Il film tenta di affrontare temi complessi, come l’identità di genere e le conseguenze delle guerre tra bande criminali, ma lo fa in modo disordinato e frammentario. I personaggi sembrano vivere vite parallele che raramente si incontrano in modo significativo, e le sottotrame, come il rapporto di Emilia con la ex moglie (interpretata da Selena Gomez) e i suoi figli, appaiono sbiadite e prive di mordente.

Un’opportunità mancata: il cast e le tematiche

Nonostante un cast di alto livello, il film non riesce a sfruttare appieno il potenziale dei suoi interpreti. Selena Gomez offre un’interpretazione monocorde, mentre il personaggio di Rita Castro, inizialmente centrale, si perde in un finale action-gangster che sembra più grottesco che drammatico.

La performance di Karla Sofia Gascon, generosa e sincera, è uno dei pochi punti di forza del film. Tuttavia, anche il suo personaggio viene schiacciato da una sceneggiatura che oscilla tra l’ilarità involontaria e una melensa introspezione.

Una regia senza grazia e misura

Jacques Audiard, regista acclamato per film come Un sapore di ruggine e ossa e I fratelli Sisters, sembra smarrire la sua solita eleganza narrativa.

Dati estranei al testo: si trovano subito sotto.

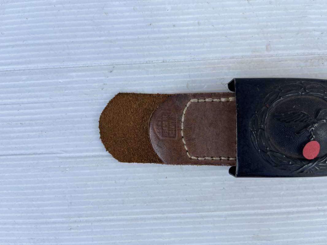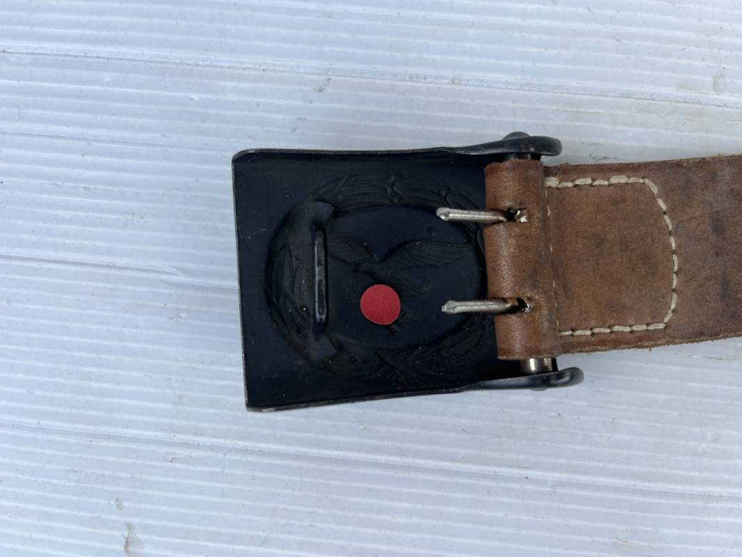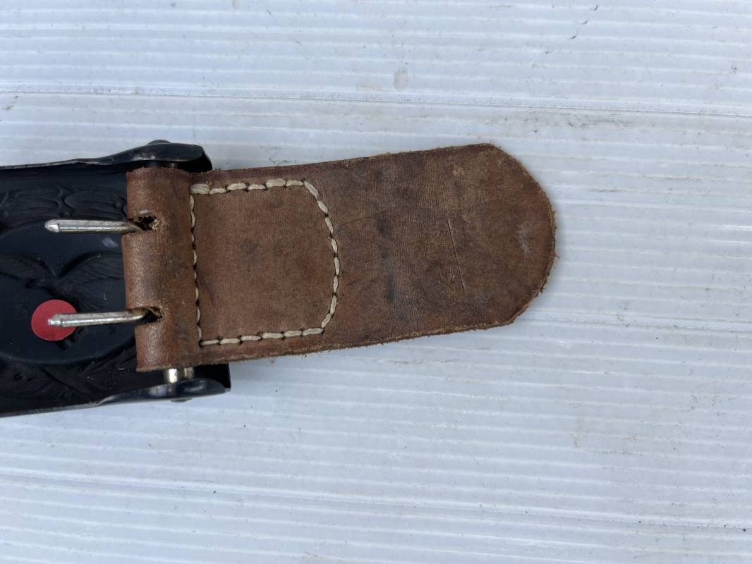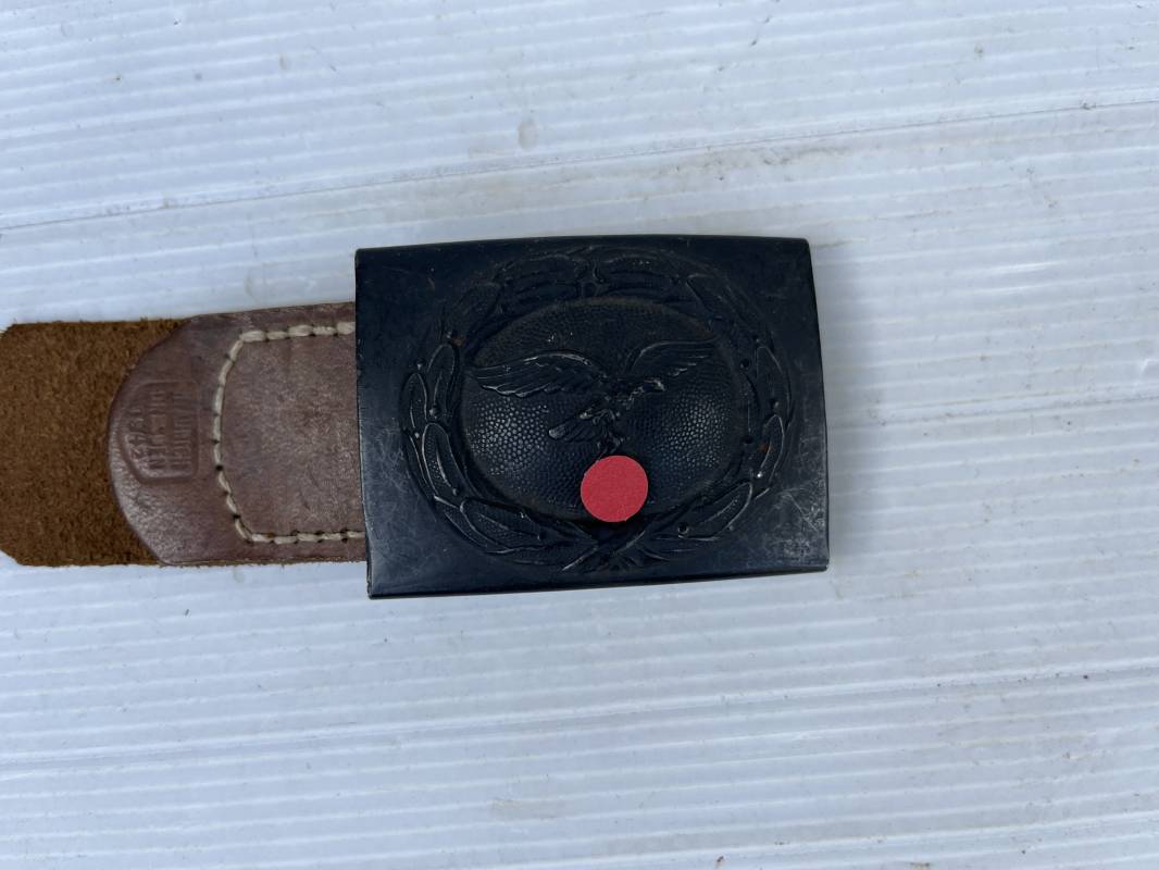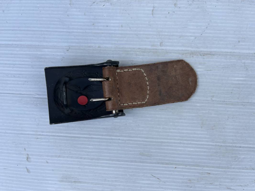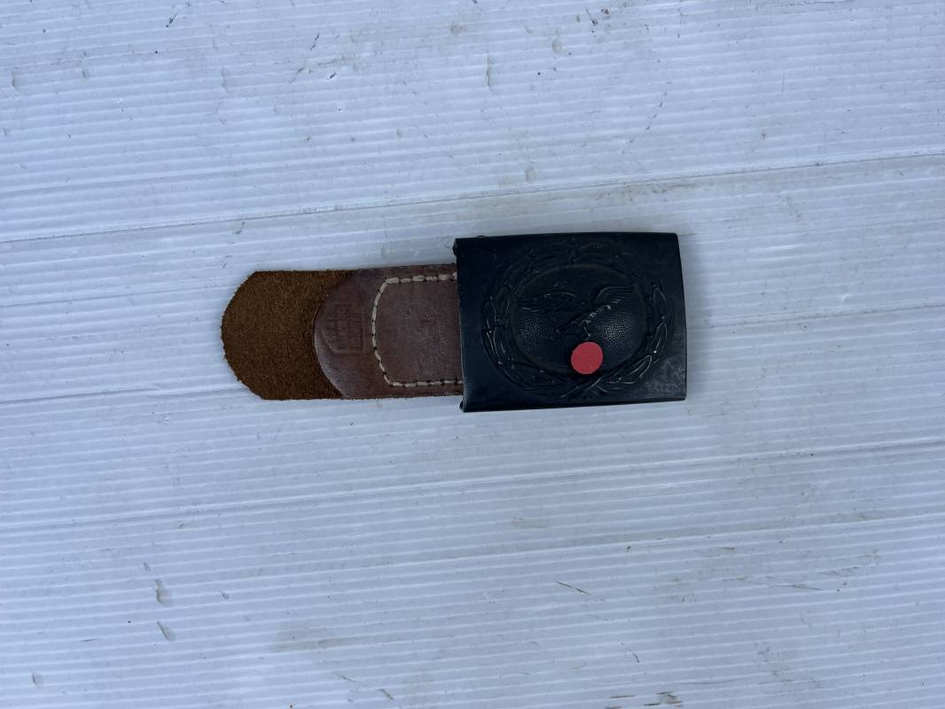 Trés belle boucle fer troupe de la Luftwaffe modéle 1940 . Peinture gris bleu d usinage en parfait état . Boucle fer avec trés beaux reliefs Passant et crochet métallique . Patelette en cuir marron , marquage fabricant H. Aurich Dresden 1942 . Etat quasi neuf . Ref 21561
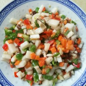 倒油五成热,炸葱蒜再放年糕和其他的食材,放调料后小炒下装盘。
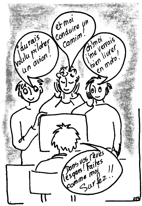 On pourrait citer bien d'autres exemples qui traduisent ce souci de varier les approches. Les élèves ont ainsi participé l'an dernier aux Olympiades des reporters. Par groupes, ils devaient réaliser l'interview d'un professionnel et construire un diaporama. Une équipe, qualifiée, est allée à Nantes aux finales nationales. Il fallait réaliser un reportage sur l'un des métiers, tiré au sort, présent sur le site de l'Olympiades des Métiers. Les gagnants partaient à Helsinki. Ce qui n'a pas nécessairement constitué une source de motivation, note L. Thinon, qui accompagnait les jeunes Luçonnais. En fait, ils étaient plutôt effrayés à l'idée de partir si loin, et ils n'en n'avaient, plus ou moins consciemment, pas envie. Alors ils n'ont pas donné le meilleur d'eux-mêmes. On en revient à notre leitmotiv : manque d'ambition, peur de l'éloignement, de l'inconnu... Et lorsqu'on demande à l'équipe éducative quel est finalement l'objectif essentiel de l'ODP, la réponse est unanime : il s'agit de faire découvrir tous les possibles, de montrer la large palette des formations, des métiers, des structures. Dans cette perspective, deux élèves vont chaque semaine au CDI pour réaliser une revue de presse. Aidés par la documentaliste, ils sélectionnent deux articles en lien avec le monde professionnel. Ils doivent déterminer dans quel axe se situe l'article (formations, métiers, organisations), son type (interview, enquête, reportage...) et en faire un rapide résumé. Le résultat est présenté au groupe le mardi suivant. Tout est fait pour que l'horizon des élèves s'élargisse progressivement. Ce qui se fait souvent par des recherches documentaires, en utilisant des médias variés. Pourtant, dès qu'on aborde une activité plus centrée sur l'écrit, le document à lire, les choses deviennent plus difficiles. Et ce n'est guère aisé non plus, pour certains élèves, de se projeter ainsi, ils restent dans une immédiateté culturelle, temporelle, géographique. Face à certaines activités, ils réagissent d'abord comme si cela ne les concernait pas.
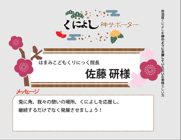・サポーターとして店内やHPにお名前掲載(小サイズ)
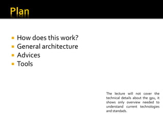 The document outlines an overview of GPU architecture and processing techniques, emphasizing the evolution from fixed vertex and fragment units to unified architectures that allow flexible processing. It discusses various computing models such as SISD, SIMD, and MIMD, and highlights the potential of GPUs for general-purpose computing across diverse fields including physics, financial modeling, and AI. Additionally, it provides optimization tips for programming on GPUs and references tools for debugging and performance analysis.
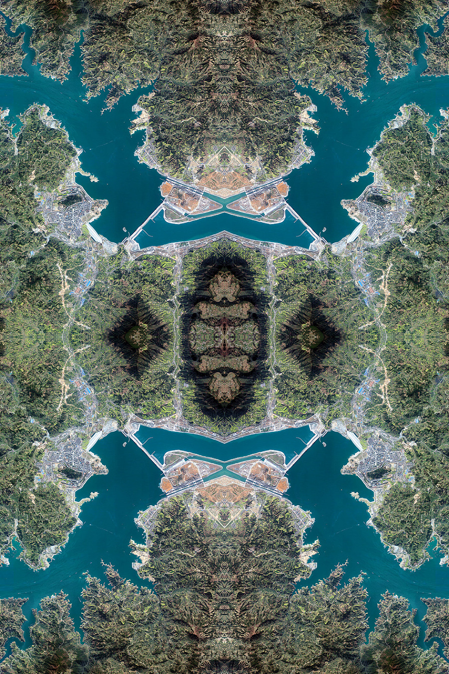 As in the Welcome to the Anthropocene video, the perspective in these works is a god-like one from above, conveying the enormous power of our species. Interestingly, most of David’s works are in portrait, not landscape format. To me this suggests another reference to the powerful and dominant ‘human’, anthropocentric perspective; these are not merely aerial landscapes. We can see this too as David’s creates kaleidoscopic pattern arrangements of the data files, moving the works to an abstract level. We find too that his initial inspiration were influenced by the ancient formal patterns of Persian rug makers. Such ancient textile patterning, David informs us, allowed weavers of the past ‘to record their experiences more literally … of the war torn land that surrounded them.”

La regia di Emilia Perez manca di quella urgenza cinematografica che caratterizza le sue opere migliori, risultando priva di grazia e misura.

La transizione di genere, che dovrebbe rappresentare il cuore emotivo del film, viene trattata con una superficialità disarmante. Il risultato è una rappresentazione che oscilla tra spregiudicatezza ilare e una isteria melensa, senza mai trovare un punto di equilibrio.

Un film che delude le aspettative

Emilia Perez tenta di proporsi come un’opera innovativa e audace, ma il risultato finale è un pasticcio che manca di sincerità e coerenza narrativa. Nonostante la confezione visiva impeccabile e il tentativo di affrontare temi rilevanti, il film finisce per essere impalpabile, un segno di un cinema autocelebrativo che, invece di osare davvero, rimastica su se stesso.

Come un film del genere possa ambire agli Oscar è difficile da comprendere, ma rappresenta il segno di un panorama creativo che sembra sempre più orientato a privilegiare la forma sulla sostanza.